Val Chesterfield is a linguist that specializes in dead Nordic languages. She is grieving the death of her brother, Andy, a climate scientist who was believed to have committed suicide during an assignment in remote Greenland. Wyatt, Andy's colleague, recruits Val’s help because his crew thawed a girl found in the ice. 

They can't understand what she is saying so they need a cunning linguist (Yes, I said it and no I don't regret it). Val sets aside her fears and anxiety to communicate and bond with the girl, Sigrid and also to investigate her brother's death which looks less like suicide and more like murder.

As anyone who has seen The Thing can testify, a remote frozen research outpost surrounded by barren snow and ice is an ideal location for a paranoid Science Fiction or Thriller in which the protagonists are surrounded by suspicions that the people working with them are not what they seem. That The Thing is set in Antarctica and Girl in Ice in Arctic Greenland is irrelevant.

Ferenick captures the Arctic setting as one in which the elements themselves can be threatening.

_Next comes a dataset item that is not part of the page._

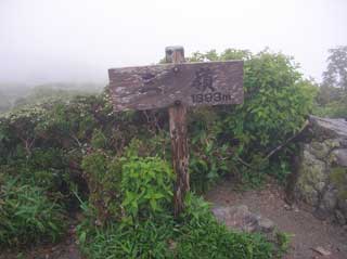 三嶺山頂 「14.7度 10-12m ガス 風雨 フスベヨリ谷側からの風雨が強い 」
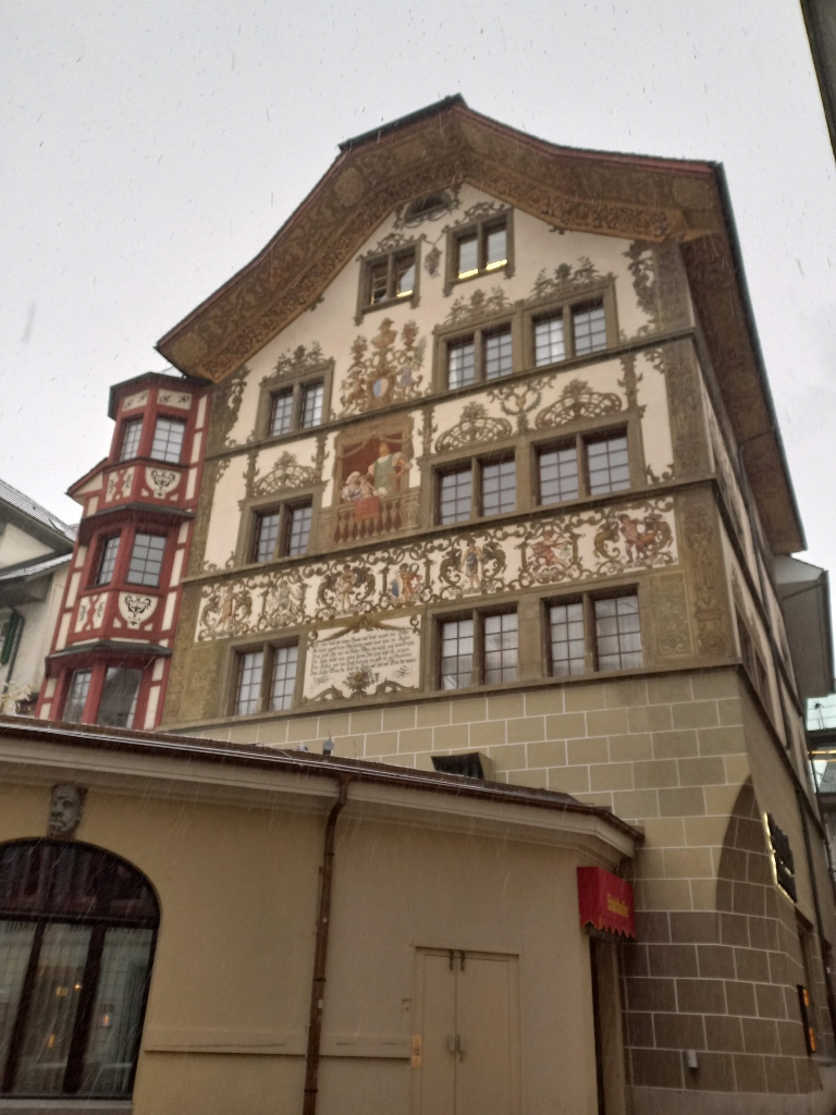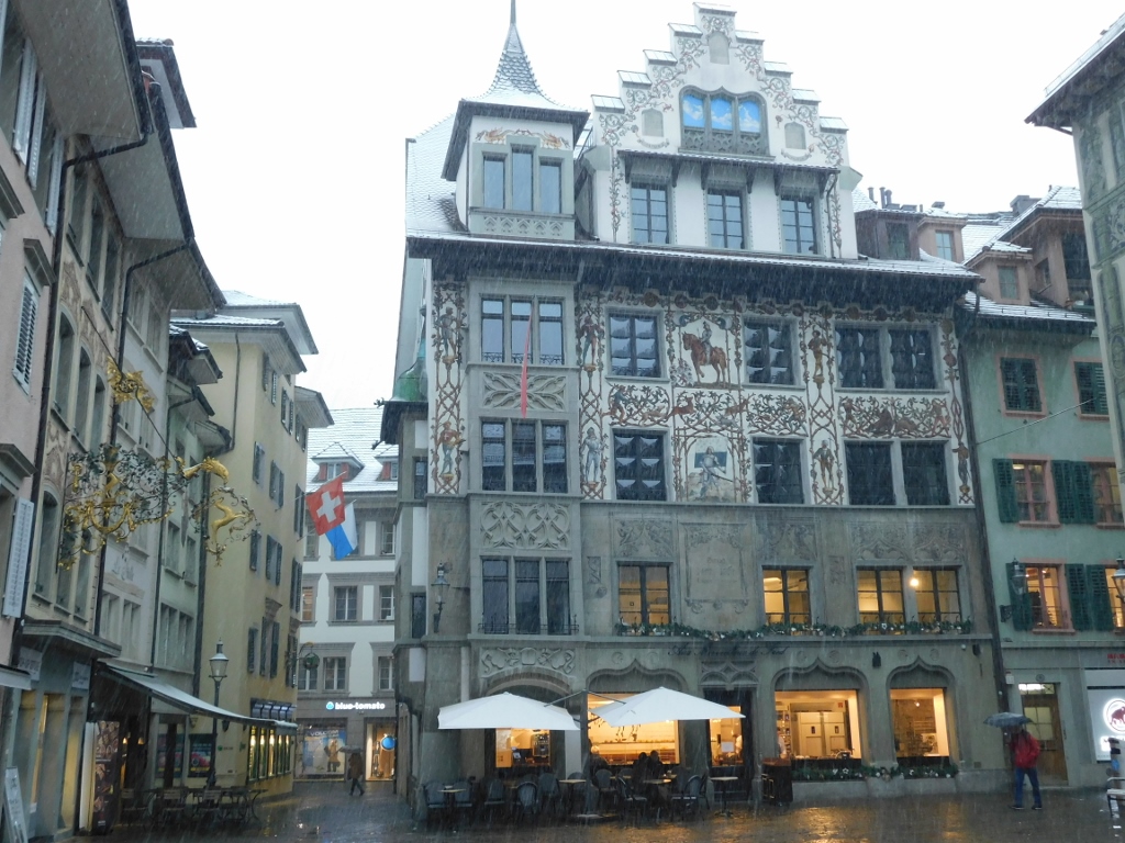 The charm of old Lucerne is contributed to not only by these painted buildings, but also by the streets and squares themselves. So, I came to Hirschenplatz square, and here I had to step into an entrance that led to a shop, just to be a little protected from the snow blown by the wind.

The science outpost is entirely surrounded by freezing temperatures, cold white barren lands, gray skies, and endless unchanging lands. Villages take a day or two to reach if hypothermia doesn't set in on the way over. Communication with the outside is minimal so if an emergency hits, you are pretty much SOL.

It’s all too easy for claustrophobia, paranoia, and anxiety to develop. Those people that you work with every day for research or to make interesting discoveries could be working for someone else. They might have ulterior motives and an intense dislike for the people that they are working with.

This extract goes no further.